Back, I think, in 2019 I joined a horseracing syndicate put together via a football message board. It was interesting to get involved with but when I took the job in Moscow it proved less enjoyable to follow from afar and so I gave it up. A couple of years later, there was an option to rejoin. Jen and I were back in the UK by then and so ended up with a twentieth share in a two-year-old that, after a tight vote, was named Ironopolis.

He’s a horse whose grandad won the Derby and is likely to do best at distances around the mile mark. Isla and I have been to see him ride on the gallops a couple of times earlier in the year at his stables at the top of Sutton Bank. Oddly, he declined the carrots that Isla had brought. Maybe we’ll try apples next time.

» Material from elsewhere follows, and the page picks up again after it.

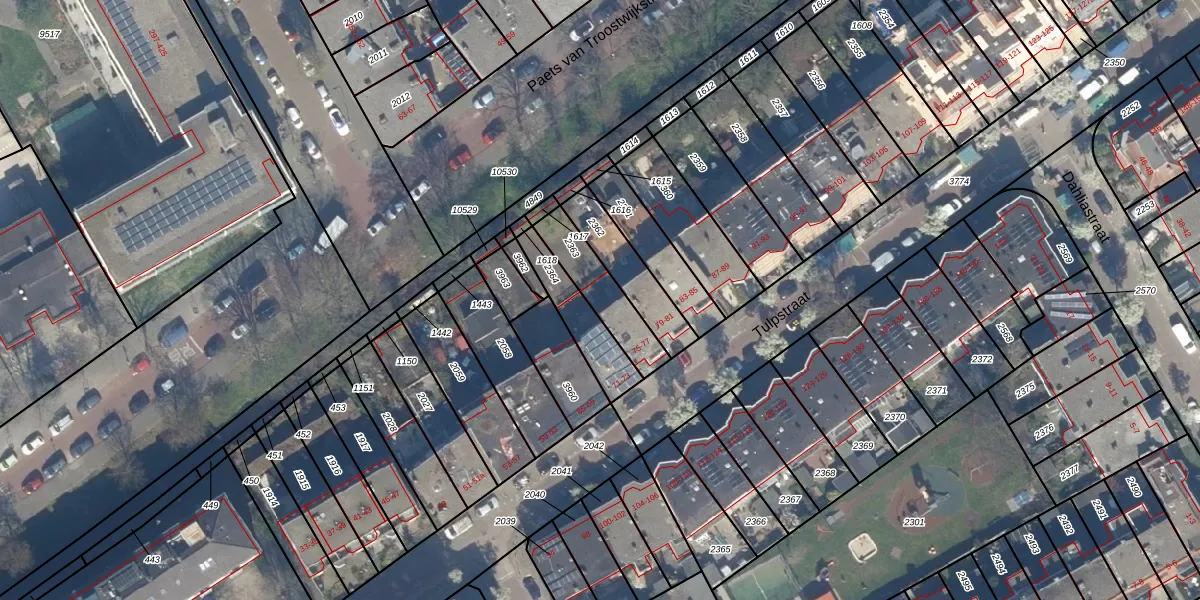 Het perceel waarop Tulpstraat 75 staat heeft een oppervlakte van 184 m². Dit is een middelgroot perceel. De perceeloppervlakte wordt geregistreerd door het Kadaster. Gedetailleerde informatie over de maten van dit perceel kunt u vinden in het rapport Kadastrale kaart met maatvoering van Tulpstraat 75.

With him not being bred for the shorter sprints there was little opportunity for him to run early in the flat season. Besides all that, he’s a bit of a late developer and so it was mid-July before he finally made it to a track.

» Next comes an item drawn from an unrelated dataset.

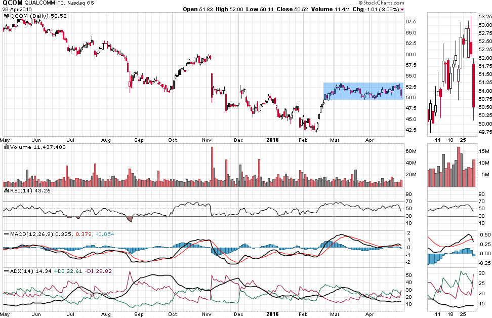 בחודשיים האחרונים המניה משייטת בין אזור התנגדות של 53.2-53.5 לאזור תמיכה סביב 50 דולר (נמוך סומן ברמה של 49.67 דולר). התנועה הצידית לאחר מהלך העולה הינו דבר בריא מאוד שכן כסף "ישן" מחליף ידיים עם כסף "חדש".
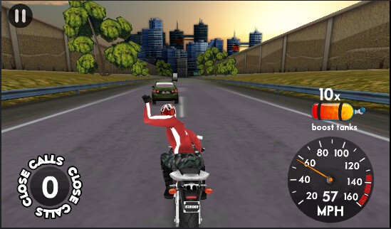 游戏操作简单,左右倾斜设备即可,贴近车辆并超越时会有加速效果,并累计积分。可支持 GC 2人联机,有人物和摩托皮肤可换。除了这些之外,当你被车撞飞后,可以享受身躯在空中飞腾,被后来车辆碾压的快感,游戏也会自动帮您拍照留念。最后,在人物倒地不动后会统计身上所受伤害,哪根骨头碎了,哪根骨头折了,是不是很炫呢?游戏用来休闲下还是很不错的。推荐给喜欢竞速类和休闲玩家尝试。

Jen and I got Owner’s passes and Soph and Isla came along as well to see how he got on. On entering the grandstand at Redcar, Soph and Isla were given free entry by a bloke who had some spare passes. Result.

We watched the first race of the day from the steps at the front of the grandstand and then I made my way over to the Owners and Trainers stand to catch up with the other syndicate members. Some I knew from the stable visits or from the message board, others I was meeting for the first time. The word from the stable was not to expect too much and that this opening outing was primarily intended to get the horse used to the experience of racing. Nevertheless, it was hard not to see it as an opportunity to gauge how he compared to the other horses in his 7f maiden.

He started slowly out of the stalls and was trailing in the opening stages but picked up as the race went on. Once he got into his stride he began overhauling other horses to finish in fourth position and in the prize money. I think he won around four hundred quid for the syndicate kitty which isn’t far off a week’s worth of training fees.

We got a debrief from the jockey and assistant trainer in the parade ring afterwards. The gist of it being that it took the horse a while to realise what he was supposed to be doing and it wasn’t until he went past the horse in second last position that he started racing.

A fast-finishing fourth place was seen by everyone as a very pleasing outcome for a first race. Hopefully he’ll be back on the track again before too long to gain some more experience.